*THE PROBLEM:*
Give exactly the lines from the one that contains "Aufhängen am Gürtel" through the end of the entries below, both included; the pictures stay out.

[[ DATA SHOWN open ]]

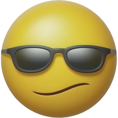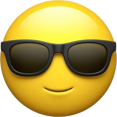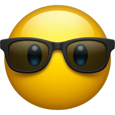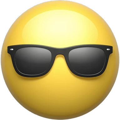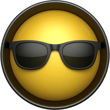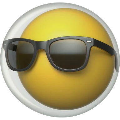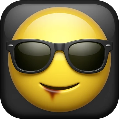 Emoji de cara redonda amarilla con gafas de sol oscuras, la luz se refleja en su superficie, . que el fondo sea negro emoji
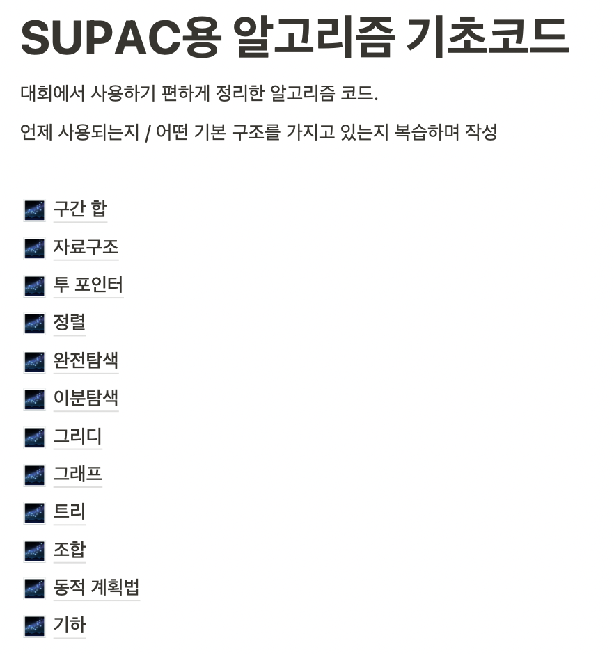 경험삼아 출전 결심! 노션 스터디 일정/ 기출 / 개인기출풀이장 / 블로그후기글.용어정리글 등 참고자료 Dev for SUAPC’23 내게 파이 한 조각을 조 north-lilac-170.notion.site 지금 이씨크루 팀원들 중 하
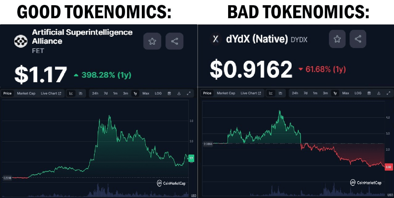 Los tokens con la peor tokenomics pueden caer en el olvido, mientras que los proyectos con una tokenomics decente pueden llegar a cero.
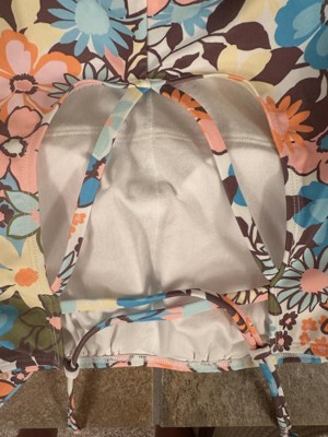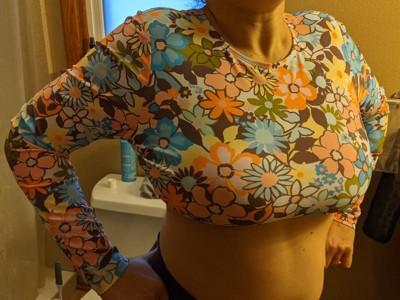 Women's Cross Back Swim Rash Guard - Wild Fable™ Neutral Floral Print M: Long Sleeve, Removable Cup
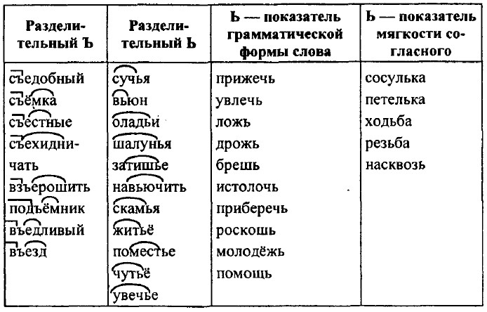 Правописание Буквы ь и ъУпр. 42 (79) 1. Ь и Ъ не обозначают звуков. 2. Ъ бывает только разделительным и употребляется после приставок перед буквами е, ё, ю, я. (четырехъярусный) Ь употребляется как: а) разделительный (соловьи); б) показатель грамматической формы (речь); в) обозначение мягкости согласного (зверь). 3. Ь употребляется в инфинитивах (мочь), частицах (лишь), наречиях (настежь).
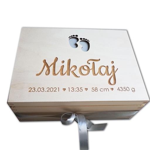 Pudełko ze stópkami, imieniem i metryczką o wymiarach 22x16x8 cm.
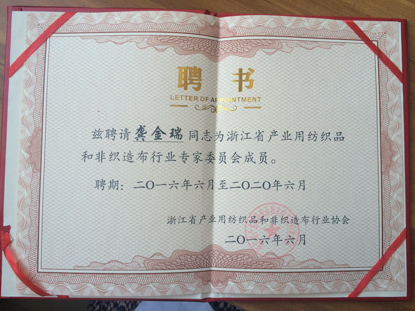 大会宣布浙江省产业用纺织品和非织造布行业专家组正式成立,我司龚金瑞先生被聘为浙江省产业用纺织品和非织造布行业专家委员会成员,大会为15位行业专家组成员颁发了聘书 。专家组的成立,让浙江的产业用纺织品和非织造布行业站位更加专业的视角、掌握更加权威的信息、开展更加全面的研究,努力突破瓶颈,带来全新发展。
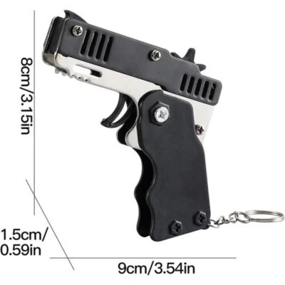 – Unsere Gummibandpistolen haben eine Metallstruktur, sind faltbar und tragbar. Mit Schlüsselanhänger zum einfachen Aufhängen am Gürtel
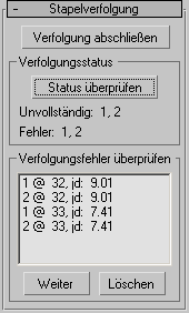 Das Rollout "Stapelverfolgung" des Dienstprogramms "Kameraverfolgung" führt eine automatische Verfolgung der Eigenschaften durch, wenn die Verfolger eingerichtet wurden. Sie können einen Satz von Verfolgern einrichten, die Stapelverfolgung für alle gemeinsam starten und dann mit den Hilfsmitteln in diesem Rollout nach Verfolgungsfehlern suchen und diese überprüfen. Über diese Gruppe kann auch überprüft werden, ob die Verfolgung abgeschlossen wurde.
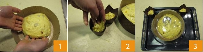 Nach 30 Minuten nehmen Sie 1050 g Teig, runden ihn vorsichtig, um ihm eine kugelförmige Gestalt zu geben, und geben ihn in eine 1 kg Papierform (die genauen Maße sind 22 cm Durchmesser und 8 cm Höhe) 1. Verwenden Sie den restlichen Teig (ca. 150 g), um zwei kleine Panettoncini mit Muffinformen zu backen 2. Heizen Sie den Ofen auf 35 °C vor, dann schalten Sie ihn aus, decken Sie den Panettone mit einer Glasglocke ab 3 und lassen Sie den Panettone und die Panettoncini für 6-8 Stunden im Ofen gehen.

[[ DATA SHOWN closed ]]

*OUTPUT:*
 – Unsere Gummibandpistolen haben eine Metallstruktur, sind faltbar und tragbar. Mit Schlüsselanhänger zum einfachen Aufhängen am Gürtel
 Das Rollout "Stapelverfolgung" des Dienstprogramms "Kameraverfolgung" führt eine automatische Verfolgung der Eigenschaften durch, wenn die Verfolger eingerichtet wurden. Sie können einen Satz von Verfolgern einrichten, die Stapelverfolgung für alle gemeinsam starten und dann mit den Hilfsmitteln in diesem Rollout nach Verfolgungsfehlern suchen und diese überprüfen. Über diese Gruppe kann auch überprüft werden, ob die Verfolgung abgeschlossen wurde.
 Nach 30 Minuten nehmen Sie 1050 g Teig, runden ihn vorsichtig, um ihm eine kugelförmige Gestalt zu geben, und geben ihn in eine 1 kg Papierform (die genauen Maße sind 22 cm Durchmesser und 8 cm Höhe) 1. Verwenden Sie den restlichen Teig (ca. 150 g), um zwei kleine Panettoncini mit Muffinformen zu backen 2. Heizen Sie den Ofen auf 35 °C vor, dann schalten Sie ihn aus, decken Sie den Panettone mit einer Glasglocke ab 3 und lassen Sie den Panettone und die Panettoncini für 6-8 Stunden im Ofen gehen.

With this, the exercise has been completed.